Sorrrry harti :smutek: ale być może się myle :usmiech:
Funky Monk
Wyga
Wyga
Posty: 139
Rejestracja: 20 wrz 2012, 13:59
Życiówka na 10k: brak
Życiówka w maratonie: brak

Nieprzeczytany post

Tzn. umówmy się mój post to nie forma narzekania, raczej podziwu dla co po niektórych, osiąganie takich przebiegów jest dla mnie jest na obecną chwilę (pomijając mój poziom) niewykonalne. Aspekt rodziny, dziecka jest tutaj chyba decydujący.
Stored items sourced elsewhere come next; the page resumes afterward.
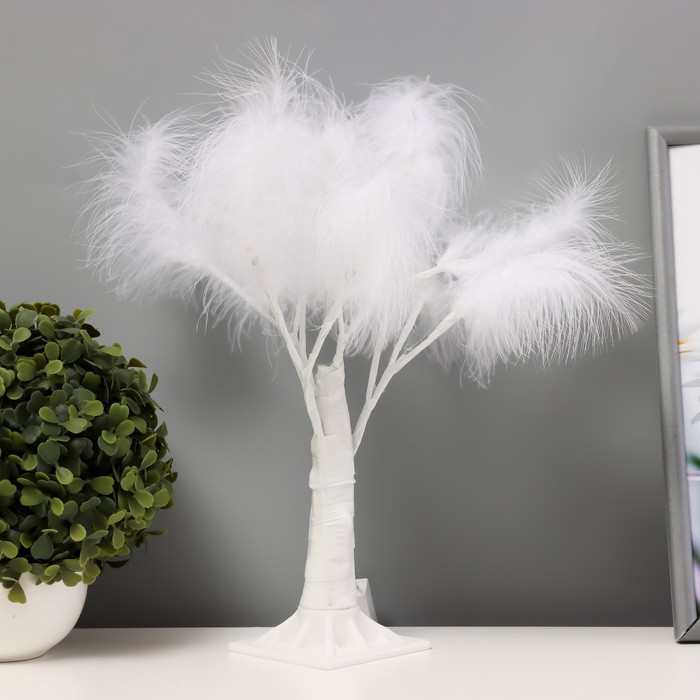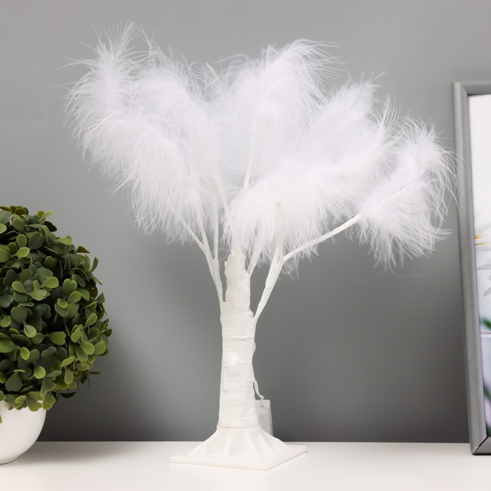 - Элегантный дизайн: Композиция из перьев создает визуально легкий, воздушный образ. Белое свечение подчеркивает детали и вписывается в современные интерьеры, не нарушая цветовую гамму.
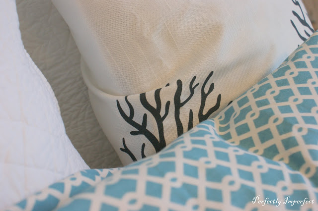 I’ve mixed pattern and texture, and I couldn’t be more thrilled. I might have to move in here until I tackle painting and accessorizing our bedroom.
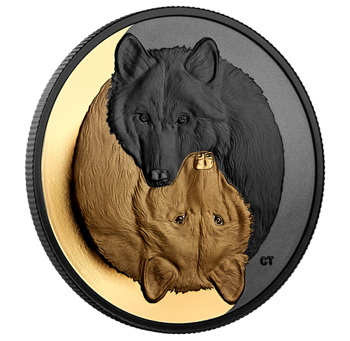 Le motif circulaire au revers, œuvre de Claude Thivierge, consiste en un symbole contrastant de yin et de yang qui représente le loup gris (Canis lupus). L’étreinte desdeux bêtes illustre les liens sociaux étroits qui unissent les membres de la meute. Chacun des loups a le regard fixé en avant. Un placage d’or et de rhodium noir scinde parfaitement l’image gravée en deux moitiés opposées mais complémentaires. À l’avers, l’effigie de Sa Majesté la reine Elizabeth II, selon Susanna Blunt, est aussi rehaussée d’un placage d’or.
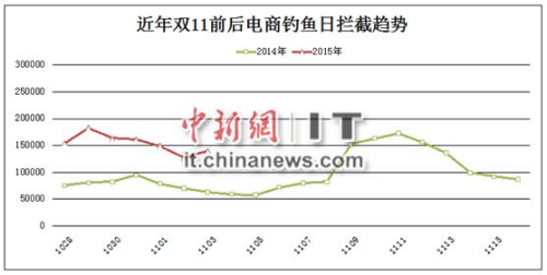 据腾讯安全数据显示,在2014年的双11的前三天,电商钓鱼网站的拦截呈现明显的上升趋势,并在节日当天达到了最高峰值。今年双11的电商钓鱼拦截虽然在10月底开始有下滑趋势,但整体趋势和去年一样,随着双11的到来而出现攀升,并将在双11当天达到峰值。腾讯反病毒实验室安全专家马劲松提醒用户双11网购节购物需要对钓鱼网站加以警惕。
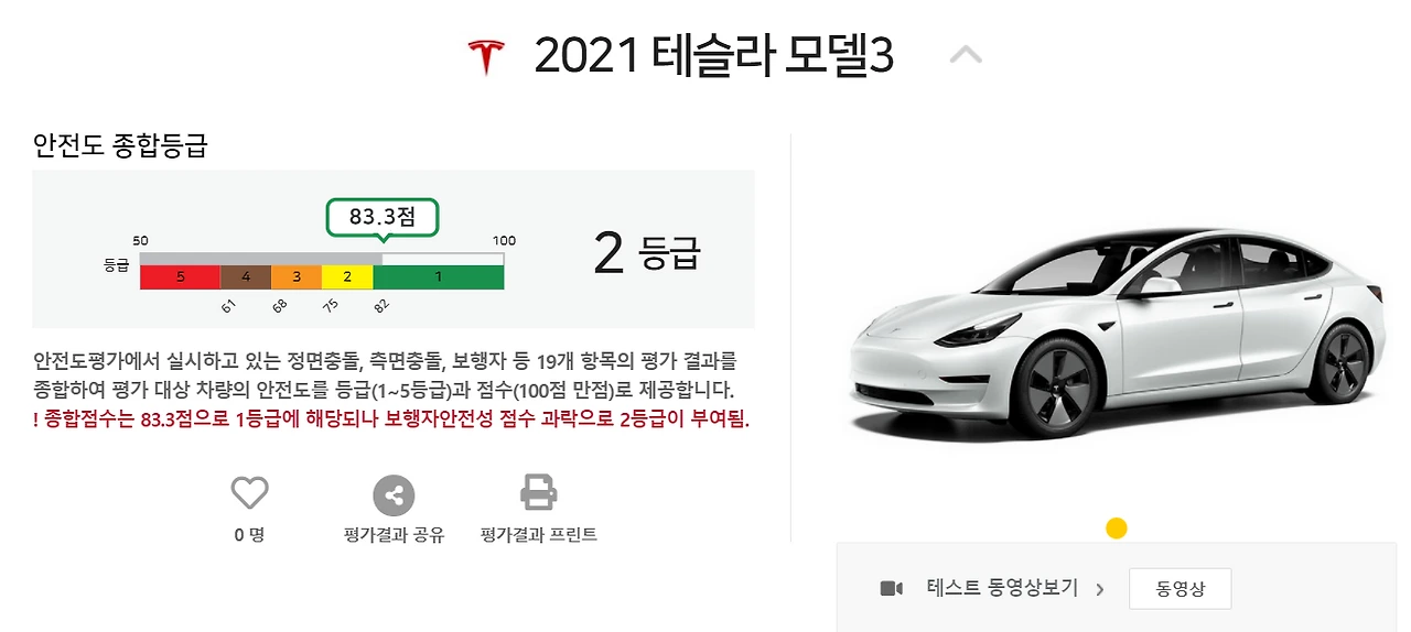 2021년 8월, 국토교통부 산하 한국교통안전공단 자동차안전연구원에서 시행한 2021년 자동차안전도평가(KNCAP) 결과에서, 현대자동차의 아이오닉5이 1등급, 테슬라 모델3가 2등급을 받으면서 인터넷 커뮤니티와 자동차 관련 유튜브들을 중심으로 뜨거운 관심이 모아졌다.
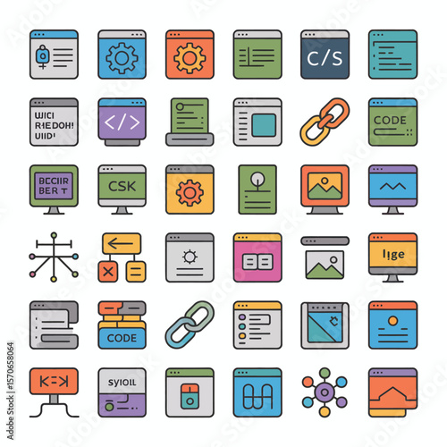 Collection of Colorful Web Development and Programming Icons Featuring Browser Windows Code Links and Network Diagrams Depicting Various Aspects of Software Development and Website Design in
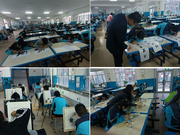 ——拜城县第一中学举行中华魂·民族复兴的旗帜“爱我中华”校园艺术节绘画书法比赛
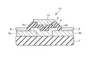 なお、本実施形態のFETの製造方法においては、収束イオンビームにより、各電極を形成しているが、例えば、エッチング条件を最適化することにより、プラズマエッチング法及びスパッタ法等を適用することもできる。その場合、例えばスパッタ法等により、各電極を形成する領域以外の部分に、酸化シリコン、酸化アルミニウム、酸化チタン、酸化タンタル、酸化ジルコニウム、酸化ハフニウム、窒化シリコン、窒化アルミニウム、窒化ジルコニウム、チタン酸バリウム及びチタン酸ストロンチウム等のセラミックス材料からなるマスクを形成した後、保護膜6a及び6b並びに導電性ダイヤモンド層3a及び3bがエッチングされない条件でエッチング又は逆スパッタ等の処理を行い、電極金属層7における電極形成予定領域以外の部分を除去する。  In the FET manufacturing method of this embodiment, each electrode is formed by a focused ion beam. However, for example, a plasma etching method or a sputtering method may be applied by optimizing the etching conditions. it can. In that case, for example, by sputtering, the silicon oxide, aluminum oxide, titanium oxide, tantalum oxide, zirconium oxide, hafnium oxide, silicon nitride, aluminum nitride, zirconium nitride, barium titanate are formed on the portion other than the region where each electrode is formed. Then, after forming a mask made of a ceramic material such as strontium titanate, the

Z pracą bieganie można bardzo fajnie połączyć ( fanpage TAK dla prysznica w moim biurze:-). Harti pisał że miewał przebiegi w okolicach 300 km tygodniowo, trzeba o tym pamiętać. Nikt przecież nie sądzi że ładuje tyle przez cały rok, ale pewnie poniżej 150-200 nie schodzi.
trucho
Zaprawiony W Bojach
Zaprawiony W Bojach
Posty: 373
Rejestracja: 26 mar 2013, 08:53
Życiówka na 10k: 43:37
Życiówka w maratonie: brak

Nieprzeczytany post

mar_ek skoro nie wierzysz w to co harti napisał to po co w ogóle to komentujesz? Nie wnosisz nic do tematu postu, tylko podważasz to co pisze autor wątku.
Jakby napisał, że biega 50 km to byś uwierzył? Czy to też za dużo?
300 km to pewnie ok 25h tygodniowo, czyli 3,5 h dziennie. Jeżeli ktoś pracuje i nie ma zbyt wielu inny rzeczy na głowie to nie da się wygospodarować tyle dziennie na trening?
Awatar użytkownika
harti
Zaprawiony W Bojach
Zaprawiony W Bojach
Posty: 413
Rejestracja: 31 sie 2011, 11:41
Życiówka na 10k: brak
Życiówka w maratonie: brak

Nieprzeczytany post

Funky Monk pisze: Harti pisał że miewał przebiegi w okolicach 300 km tygodniowo, trzeba o tym pamiętać. Nikt przecież nie sądzi że ładuje tyle przez cały rok, ale pewnie poniżej 150-200 nie schodzi.
dokładnie, są po prostu okresy że biegam więcej, w maju np. zrobiłem ponad 1000 km, biegając przez 3 tygodnie bo pierwszy tydzień regenerowałem się po Krakowie.. to naprawdę nie jest tak dużo, np. półmaraton (1:40h wolnego biegu) przed śniadaniem, półmaraton wieczorem..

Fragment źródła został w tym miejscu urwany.